Many Internet users use blogs, groups, and forums for knowledge sharing purposes. For this reason, attackers often focus on groups, forums, and blogs to find information about a target organization and its people. Organizations generally fail to monitor the exchange of information that employees reveal to other users in forums, blogs, and group discussions. Attackers see this as an advantage and collect sensitive information about the target, such as public network information, system information, and employee personal information. Attackers can register with fake profiles in Google groups, Yahoo groups, and so on. They try to join the target organization’s employee groups, where they can obtain personal and company information. Attackers can also search for information in groups, forums, and blogs by Fully Qualified Domain Names (FQDNs), IP addresses, and usernames. Employee information that an attacker can gather from groups, forums, and blogs may include full name of the employee; place of work and residence; home telephone, cell number, or office number; personal and organizational email address; pictures of the employee residence or work location that include identifiable information; and pictures of employee awards and rewards or upcoming goals.
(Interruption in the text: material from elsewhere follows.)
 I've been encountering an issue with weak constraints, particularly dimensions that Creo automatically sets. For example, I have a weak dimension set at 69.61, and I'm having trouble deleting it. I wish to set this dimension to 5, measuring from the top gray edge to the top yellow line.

Usenet newsgroup is a repository containing a collection of notes or messages on various subjects and topics that are submitted by the users over the Internet. Network News Transfer Protocol (NNTP) is used to relay Usenet news articles from the discussions over the newsgroup. Usenet newsgroups can be a useful source of valuable information about the target. People seek help by posting questions and asking for a solution on Usenet newsgroups. Many professionals use the newsgroups to resolve their technical issues by posting questions on Usenet. To obtain solutions for these issues, sometimes they post more detailed information about the target than needed. Attackers can search Usenet newsgroups or mailing lists such as Newshosting, Eweka, and Supernews to find valuable information about the operating systems, software, web servers, etc., used by the target organization.
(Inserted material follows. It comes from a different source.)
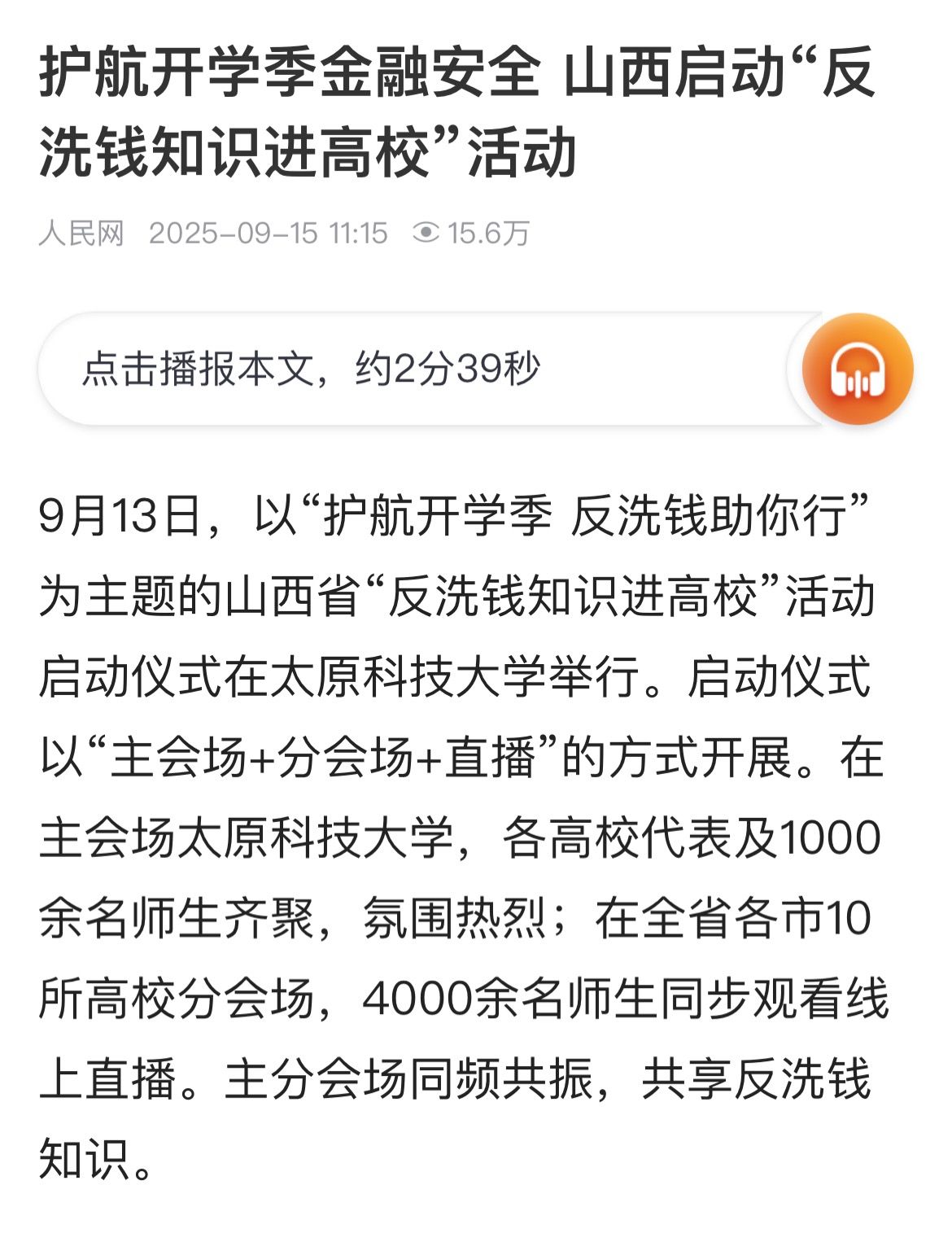 9月13日,以“护航开学季 反洗钱助你行”为主题的山西省“反洗钱知识进高校”活动启动仪式在best365官网举行。启动仪式以“主会场+分会场+直播”的方式开展。在主会场各高校代表及1000余名师生齐聚,氛围热烈;在全省各市10所高校分会场,4000余名师生同步观看线上直播。主分会场同频共振,共享反洗钱知识。人民网、黄河电视台进行了报道。

Website footprinting refers to monitoring and analysing a target organization’s website for information. An attacker can build a detailed map of a website’s structure and architecture without triggering the IDS or arousing(引起) the suspicion of any system administrator. Attackers use sophisticated footprinting tools or the basic tools that come with the operating system, such as Telnet, or a browser. The Netcraft tool can gather website information such as IP address, registered name and address of the domain owner, domain name, host of the site, and OS details. However, the tool may not give all these details for every site. In such cases, the attacker can browse the target website. Browsing the target website will typically provide the following information:
An attacker can easily find the software and version in use on an off-the-shelf(现成的) software-based website.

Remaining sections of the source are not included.